La España Mozárabe

A partir de la segunda mitad del siglo IX se generaron, tanto en los territorios dominados por los árabes como en los reinos cristianos, las condiciones adecuadas para promover la emigración de amplios grupos de los cristianos que vivían en Al-Ándalus, que eran llamados mozárabes, hacia los territorios cristianos en los que se integraron sin problemas, ya que tanto unos como otros había mantenido el sustrato cultural visigodo y compartían religión, cultura, muchas de las costumbres e incluso una liturgia muy concreta y claramente diferenciada de las del resto del entorno europeo.

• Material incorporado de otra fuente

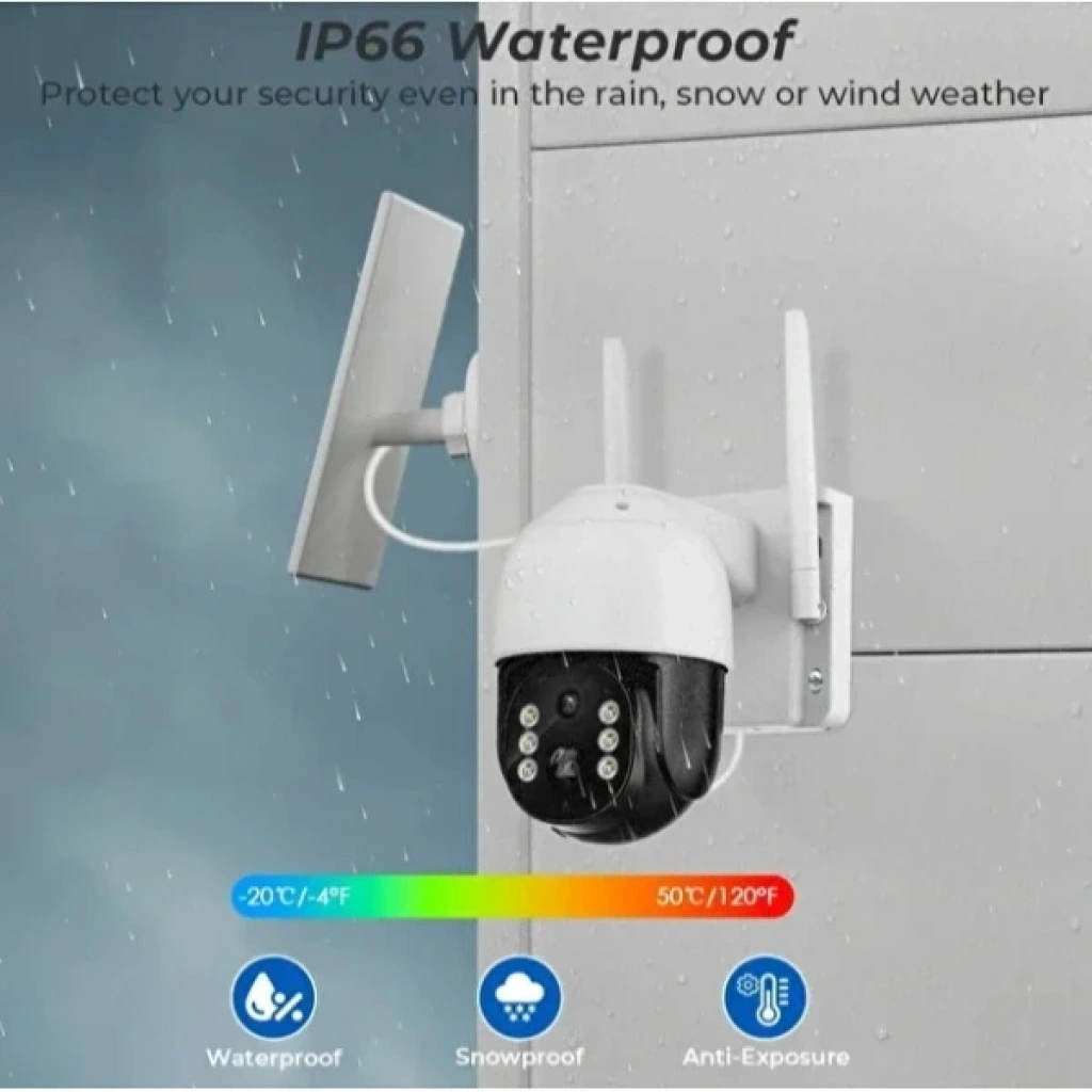 GÜNEŞ ENERJİLİ DIŞ MEKAN GÜVENLİK KAMERASIÜrün ÖzellikleriGüneş enerjili dış mekan güvenlik kamerası, çevre dostu ve kesintisiz güvenlik sağlamak için özel olarak tasarlanmıştır. Üzerindeki güçlü güneş paneli sayesinde enerji tüketimini minimuma indirir ve 8000 mAh dahili bataryasıyla uzun süreli kullanım sunar. 2.4GHz Wi-Fi bağlantısı ile kolayca ağa bağlanabilir, mobil uygulama desteği sayesinde uzaktan kontrol imkanı sağlar. Gece görüş özelliği sayesinde düşük ışıkta bile net görüntü kaydı yapabilir, tam renkli gece modu ile ayrıntılı görüntüler elde edilir. Hareket algılama teknolojisi sayesinde şüpheli aktiviteleri anında tespit eder ve mobil cihazlara alarm bildirimi gönderir. Çift yönlü ses iletişimi sağlayan dahili mikrofon ve hoparlör ile hem dinleme hem de karşı tarafla konuşma imkanı sunar. IP66 su geçirmezlik sertifikası sayesinde yağmur, kar ve toza karşı dayanıklıdır, dış mekan koşullarına karşı yüksek koruma sağlar. 360° dönebilen PTZ kontrolü ile geniş alanları tek kamera ile izlemek mümkündür. H.265 sıkıştırma teknolojisiyle yüksek kaliteli görüntüler daha düşük depolama alanı kullanılarak kaydedilir. TF kart desteği ve bulut depolama opsiyonu sayesinde görüntüler güvenle saklanabilir. Basit kurulumu ve akıllı özellikleri ile ev, iş yeri ve bahçeler için ideal bir güvenlik çözümüdür.Paket İçeriği1 adet Güneş Enerjili Dış Mekan Güvenlik Kamerası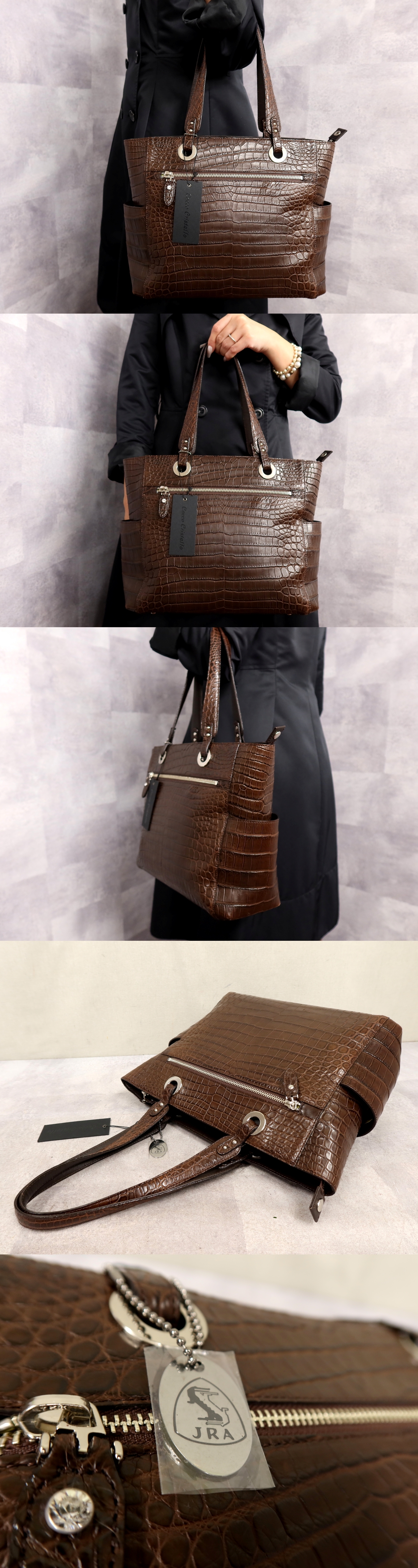●超美品●iii sanpo 三宝●クロコダイル 本 ワニ 革●トート バッグ●ダークブラウン●シルバー金具●B5 収納●書類 かばん●Js62814 收藏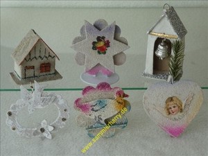 6 Teile böhmischer Papp-Christbaumschmuck, Veniziascher Tau, beglimmert, 5D229-2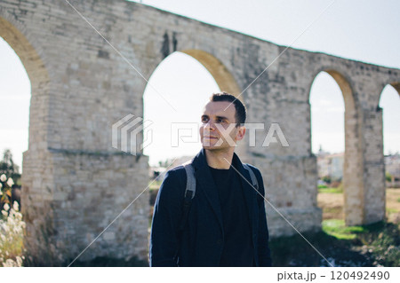 young man near the ancient Kamares Aqueduct, Larnaca, Cyprus
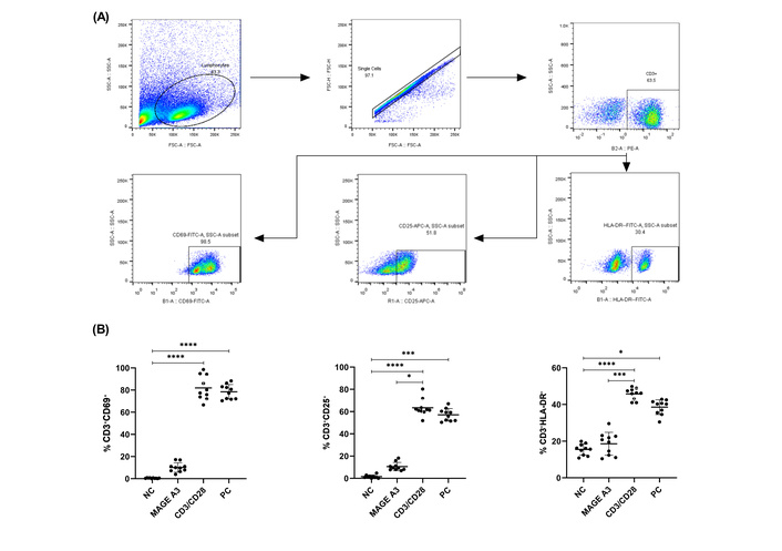 PBMCs (1.5 × 106 per well) were stimulated with PepTivator® MAGE-A3 (premium grade, human; stock 30 nmol/mL; Cat. No. 130-095-384; Miltenyi Biotec, Germany) at 1 nmol of each peptide per mL, per manufacturerʼs instructions for peptide-pool restimulation for 24 h. For 15-mer peptides, this corresponds to ≈ 1.67 μg/mL per peptide. Because PepTivator® products are peptide pools, mass/volume is reported per peptide; the aggregate pool mass depends on peptide count. Activation markers were assessed at 6 h (CD69), 18 h (CD25), and 24 h (HLA-DR: human leukocyte antigen-DR isotype) post-stimulation.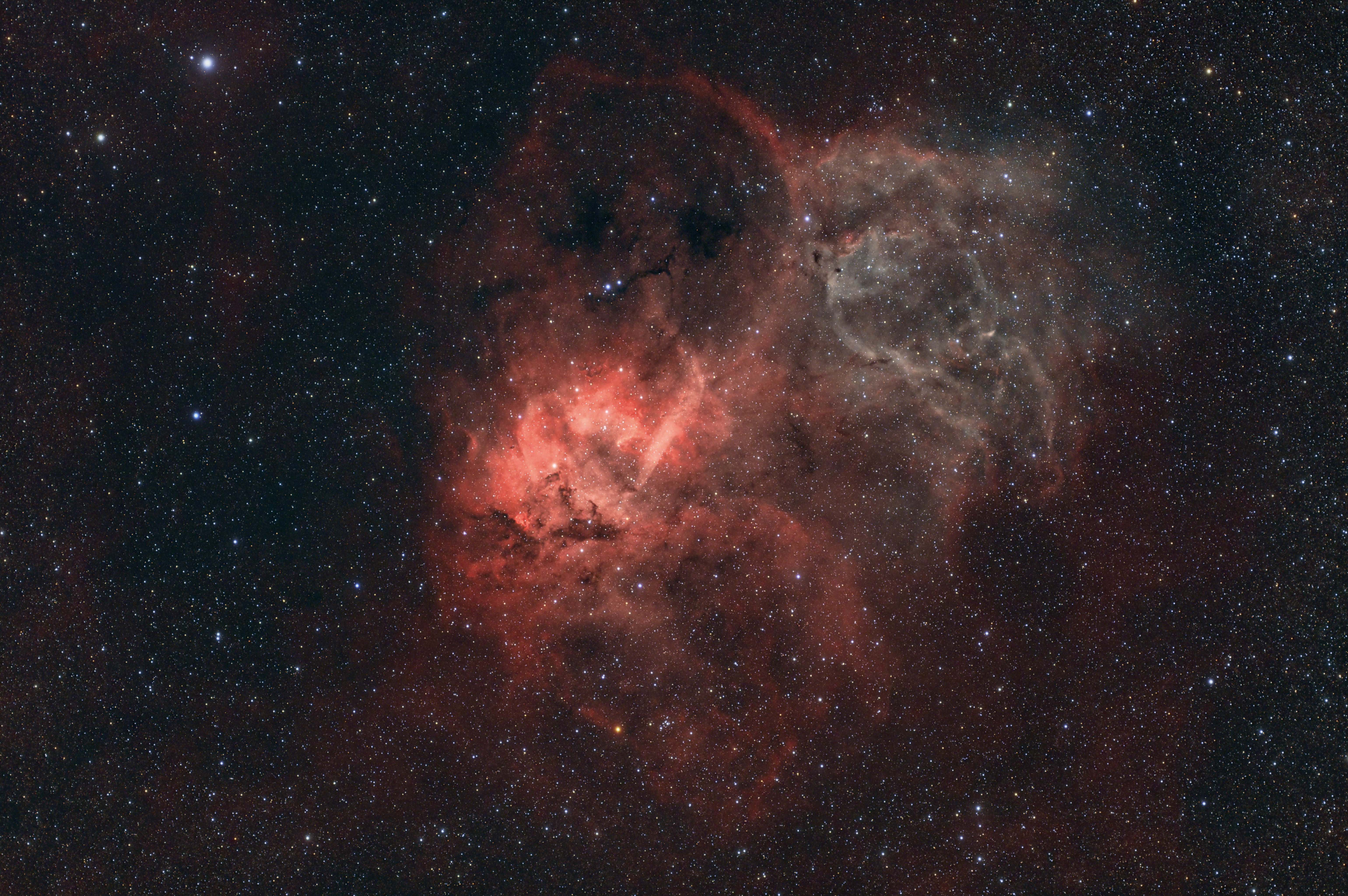 Der Löwennebel oder Sharpless 2-132, ein Emissionsnebel im Sternbild Kepheus. Das schöne Wetter hat mich dazu veranlasst das Teleskop und die Kamera mal zwei Nächte auf der Terrasse laufen zu lassen. Das Bild ist eine Mischung aus Dual-Schmalband Daten, und den Antlia RGB Ultra Lichtverschmutzungsfilter Daten.

Estos nuevos pobladores se instalaron, junto con los habitantes de los antiguos territorios cristianos, en las nuevas tierras que se iban conquistando, fundamentalmente entre los montes cántabros y el Duero. En esta zona de frontera que, expuesta a continuas razias árabes, debía mantenerse en un perpetuo estado de alerta, fueron creando con el apoyo de la monarquía astur-leonesa nuevas villas y monasterios, en algunos casos sobre las ruinas de otros anteriores o sobre algunos de los antiguos eremitorios rupestres que existían desde la época visigoda. El impulso creador de los mozárabes que, después de haber vivido siglo y medio bajo dominación árabe, conservaban su religión y cultura desde la época visigoda, unido al espíritu de reconquista y de deseo de promoción social que aportaban los cristianos que habían tenido que refugiarse en la cornisa cantábrica ante la conquista árabe, generó un nuevo movimiento artístico y cultural que potenciaba la herencia visigoda en todas las áreas de expresión y que se fue extendiendo desde esta zona de repoblación hacia todo el conjunto de los territorios españoles dominados por los cristianos.
Esta nueva situación generó un cambio radical, tanto en el espíritu como en las formas, respecto al período asturiano puesto que el desarrollo de las nuevas construcciones y del resto de actividades artísticas ya no estaba dirigido directamente, aunque sí apoyado, por el monarca lo que permitió recuperar la libertad de formas dentro del mismo espíritu ecléctico que había existido en la época visigoda con lo que volvemos a encontrar una gran variedad de estructuras en las que el único elemento realmente distintivo es nuevamente el arco de herradura, aunque ahora con una mayor libertad de formas. De la misma manera que en el período visigodo se fueron asimilando, sobre un substrato básicamente romano, la cultura visigoda y las distintas influencias que iban apareciendo como la norteafricana o la bizantina, en esta fase que se ha dado en llamar no sin grandes controversias «Arte Mozárabe», se incorporan a todo lo anterior algunos nuevos elementos aprendidos en Al-Ándalus, como sus técnicas de cobertura, el alfiz o los modillones, enriqueciendo, pero sin modificarla sustancialmente, la herencia del siglo VII.